== To do ==
Leaving pictures aside, set down each line exactly, from the first line of the data to the line with "메콩강가의 시원한 바람을", both included.

== Given data ==
┌──
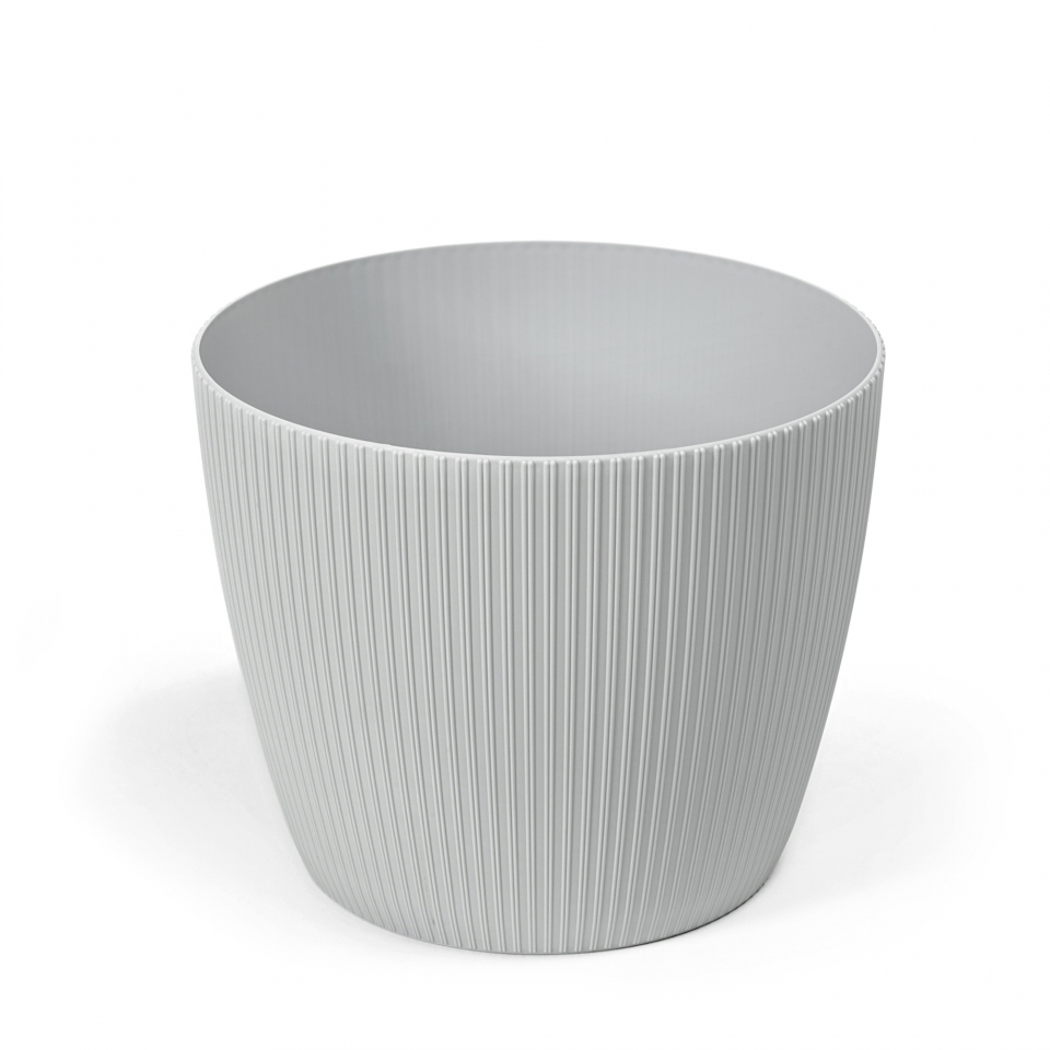 Plastový květináč Magnolia Jumper z vnější strany zdobený proužkem. Květináče jsou vhodné do interiérů i ven. Barva: světle šedá Rozměr: výška 180 mm průměr 220 mm przeczytaj całość
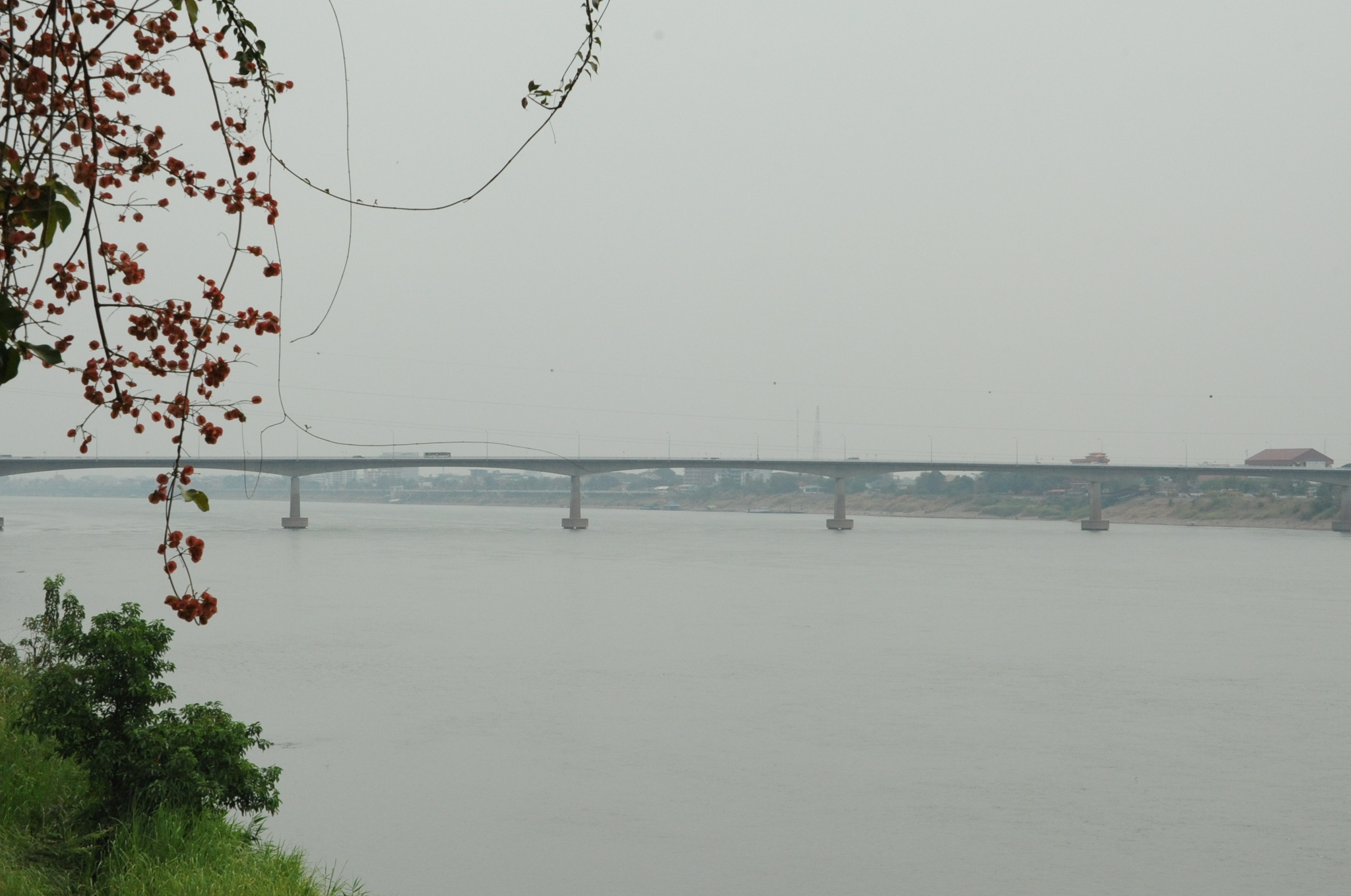 메콩강가의 시원한 바람을 맞으며 원두막에서 점심을 먹으며, 멀리 보이는 메콩강 다리가 보인다. 저 다리를 건너면 바로 태국으로 연결된다. 그래서 과거 태국의 침략을 많이 받았나 보다.
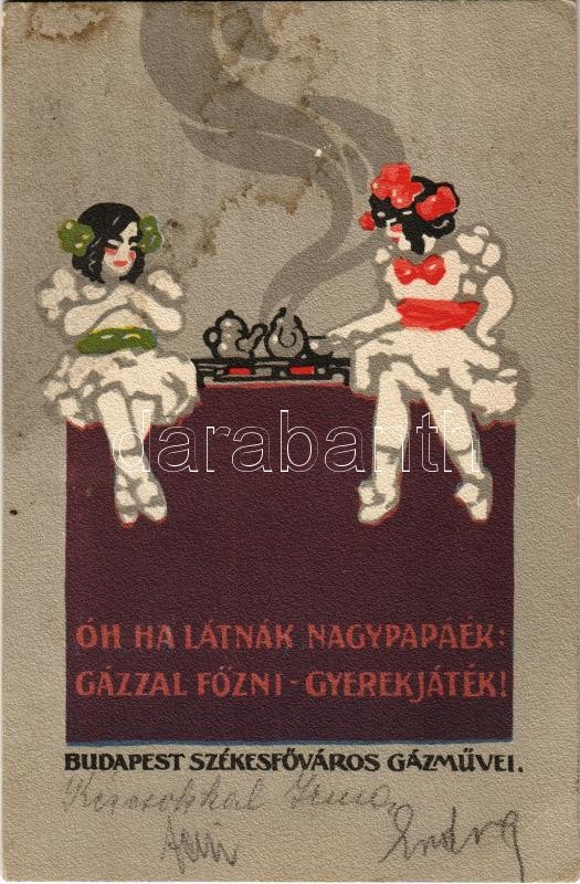Leírás: 1914 Óh ha látnák nagypapáék: gázzal főzni - gyerekjáték! Budapest Székesfőváros Gázművei reklámlapja / Hungarian gasworks advertisement card (fl)
└──
== Output of the exercise ==
 Plastový květináč Magnolia Jumper z vnější strany zdobený proužkem. Květináče jsou vhodné do interiérů i ven. Barva: světle šedá Rozměr: výška 180 mm průměr 220 mm przeczytaj całość
 메콩강가의 시원한 바람을 맞으며 원두막에서 점심을 먹으며, 멀리 보이는 메콩강 다리가 보인다. 저 다리를 건너면 바로 태국으로 연결된다. 그래서 과거 태국의 침략을 많이 받았나 보다.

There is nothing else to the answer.